Wednesday 17 March 2021

Review: Rebels and Runaways (Eden Academy Series Book 1) by Grace McGinty

Rebels and Runaways Rebels and Runaways by Grace McGinty
My rating: 5 of 5 stars

Joining Together All The Strands

If you’ve read all of Grace McGinty’s books, you’ll absolutely LOVE this book. If you haven’t read them, go and do it now, you won’t regret it. However, you can probably get away with not reading the previous books because this book is about the next generation of supernaturals.

Set at Eden Academy, which was established to protect and nurture supernaturals and provide a refuge for those that needed it, the new academic year is starting for those that have graduated the high school portion of their education and who are in need of a further four years of supernatural specific education.
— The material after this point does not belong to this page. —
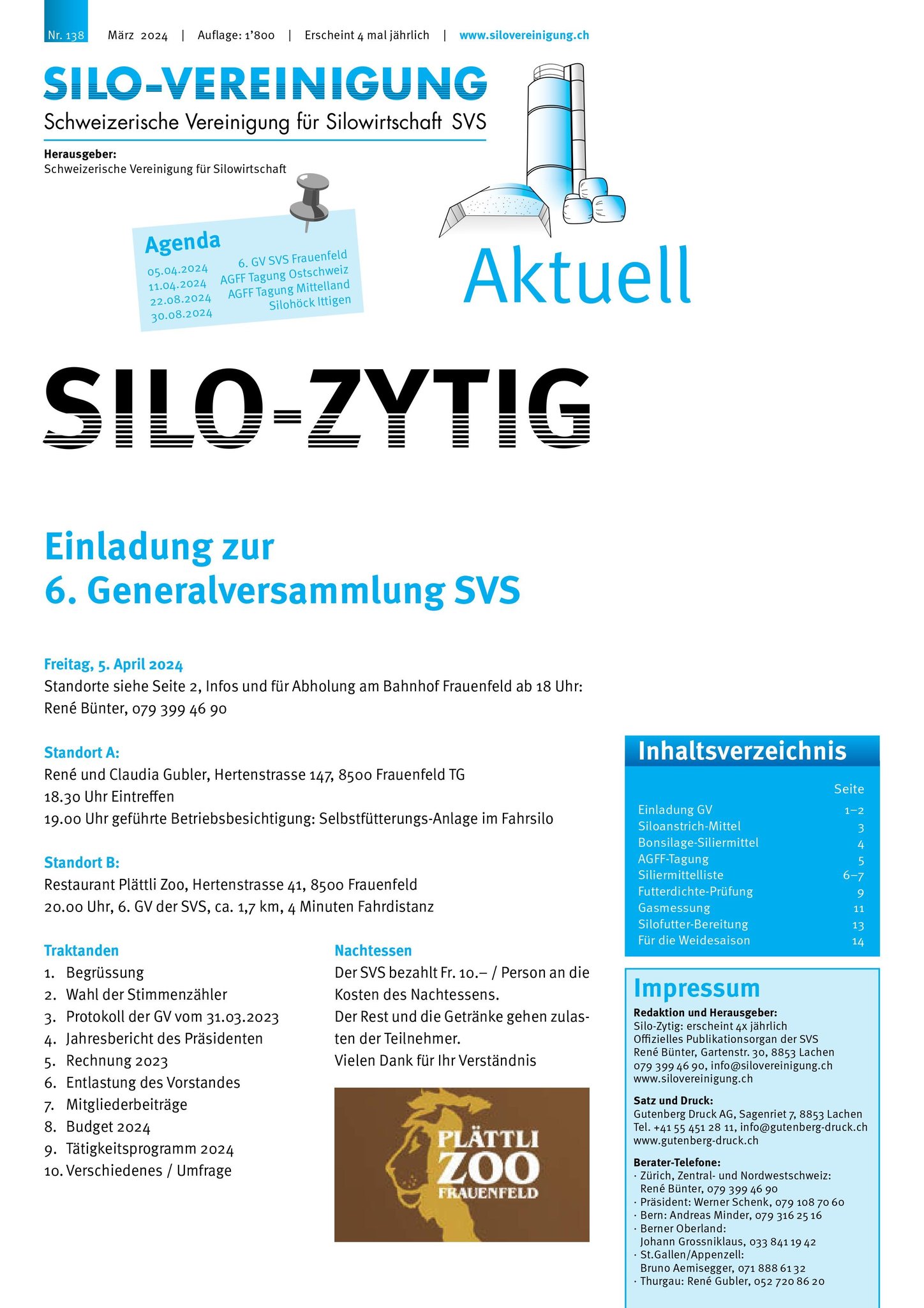 Die Silozytig informiert viermal jährlich direkt aus Praxis, Beratung und Forschung zur Silowirtschaft.

Starting the new term are the three adopted children of Raine, from Pleasantly Undead in Dark River, and her mates. The three wolf shifters were brought to Raine when they were five years old, when Lucius took them from a slave auction. The darkness that lives inside of Carmen was bred during that time at the auction house. She is in a constant battle to fight and to let blood because of her anger. She is a beta wolf who’s siblings are an alpha and an omega, which she sometimes resents but she still loves them completely.

This story is principally about Carmen and the men she falls for. Like her adoptive mother, Carmen seems to need multiple mates to keep up with her. Though the story is about Carmen and her mates we are also introduced to lots of other young shifters at the academy, which I’m sure will be covered in future books.

One of the things I really enjoyed about this book is that it isn’t really an academy book. There is very little about lessons or students interacting (though there is some with some of the usual jealousy etc, but there isn’t much of it). This is just a setting for the story, Carmen and her siblings are actually just day students because they live so close by.

As usual, this author manages to blend the good and evil beings together to show that even if you are labelled ‘evil’ it doesn’t mean you aren’t capable of great acts of love and friendship. There is violence and death in this book but it pales in comparison with the love of mates, family and friends that binds all the characters together.

There is some really creative plot construction in this story and I love all the characters so much, especially the weird ones such as Flint the half ifrit and Monster the wendigo. There is humour, sadness, pain, violence and sex scenes in this book, sometimes two or more at once!

I know I’ll read this book again because there is so much in it to enjoy that I’ll get more from it the second time around. I’m also really looking forward to the next book in the series as there is a cliffhanger to lure us on into reading about the next group of young people at the academy.